A great American, a great immigrant, a great Jew.

Former Secretary of State Madeleine Albright speaks at the Democratic National Convention in Philadelphia, Pennsylvania, on July 26, 2016. Photo by Lucy Nicholson/Reuters

(RNS) — When Jews heard yesterday of the death of Madeleine K. Albright, the career diplomat and the first woman to serve as secretary of state, a small bell went off in their brains. Or, in their souls.

Secretary Albright was born in Czechoslovakia, fled with her family to Great Britain and finally rose to success in her adopted country, the United States. Her story is an immigrant success story.

It was not until she became secretary of state that she learned something that she had long suspected.

Her family was Jewish. During World War II, out of fear for the family’s safety, her parents converted to Roman Catholicism. They raised their children as Catholics and never told them of their Jewish heritage.

Twenty-six family members, including three grandparents, had perished in the Holocaust.

That was how Albright became a member of one of the fastest-growing denominations in American Judaism: Jews by surprise.

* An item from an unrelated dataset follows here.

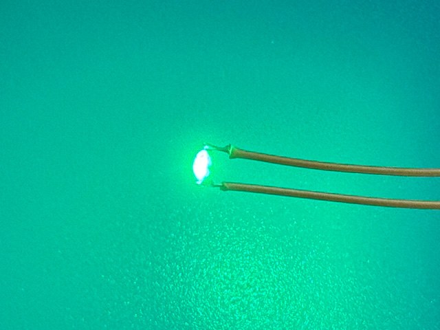 秋月2階の特価コーナーにあったスタンレー製サイドビューのチップLED UC1113F-TRを光らせてみた。100個100円。表面ではなく側面が光るタイプのチップLEDだ。2110サイズ(長さ2.1mm/幅1.0mmの略)。いつもの2012でないところがサイドビュー所以か。中華でないのも珍しいのだが,そもそもサイドビューなんて扱ってたかなぁ。販売完了品になっていたので,どこかのメーカーか問屋の在庫処分か。Vfが3V台の窒化インジウムガリウムLEDの国内ベンダ品をこういう店で見かけるのは珍しい。で,このLED,側面発光なのだが,電極を見ると発光面を上に向けても人力なら実装できそうな感じだ。というわけで,1個1円だし,折角細長いLEDなのだから,コイツでバーグラフLEDとか作って遊べないかなと思った次第。配線が超煩雑になりそうだが,秋月に置いてある東芝の定電流LEDドライバTB62706BFのようなドライバを近くに実装できれば可能かな。

Consider those people who, in recent years, discovered that they were Jewish, or sort of Jewish, or “Jewish adjacent”:

  • Tom Stoppard, the English playwright. He had been born Tomáš Sträussle, in Czechoslovakia. In 1993, he happened to have lunch with Czech relatives. At that lunch, Stoppard learned that his parents had been Jewish and that all four grandparents, his great-grandparents and three maternal aunts had died in the camps. Decades later, already in his 80s, he would write his devastating play “Leopoldstadt” about a Jewish family in Vienna.
  • Hillary Clinton, former secretary of state, New York senator and presidential candidate, turned out to have a Jewish step-grandfather.
  • John Kerry, former secretary of state, discovered that his grandparents were Jewish. (What is up with former secretaries of state and the “I have discovered my Jewish roots” thing? Not to mention Henry Kissinger, who never had to discover those roots.)
  • The Lemba, a South African tribe that has been proven to have Jewish roots.
  • The Pashtuns of Afghanistan might be descended from one of the 10 lost tribes — as Hillel Halkin documents in his travelogue, “Across the Sabbath River: In Search of the Lost Tribe of Israel.”
  • The descendants of the crypto-Jews of the American Southwest, whose ancestors fled from the Inquisition and who are, even now, returning to Jewish customs and identity.
  • Nathan Englander’s short story, “The Gilgul of Park Avenue,” which appeared in his book “For the Relief of Unbearable Urges” — in which a Manhattan WASP, riding in the back of a cab, finds himself seized by a sudden Jewish identity.
  • My friend, Robin. She is a “cradle Episcopalian” from a very old family — she can trace her ancestry back to William Tyndale, a figure of the Protestant Reformation who influenced the translation that became the King James Bible. That is as old as it gets in the Western world. And yet, last summer, she told me over lunch that she had recently discovered that her grandfather was an Austrian Jew who hid his identity.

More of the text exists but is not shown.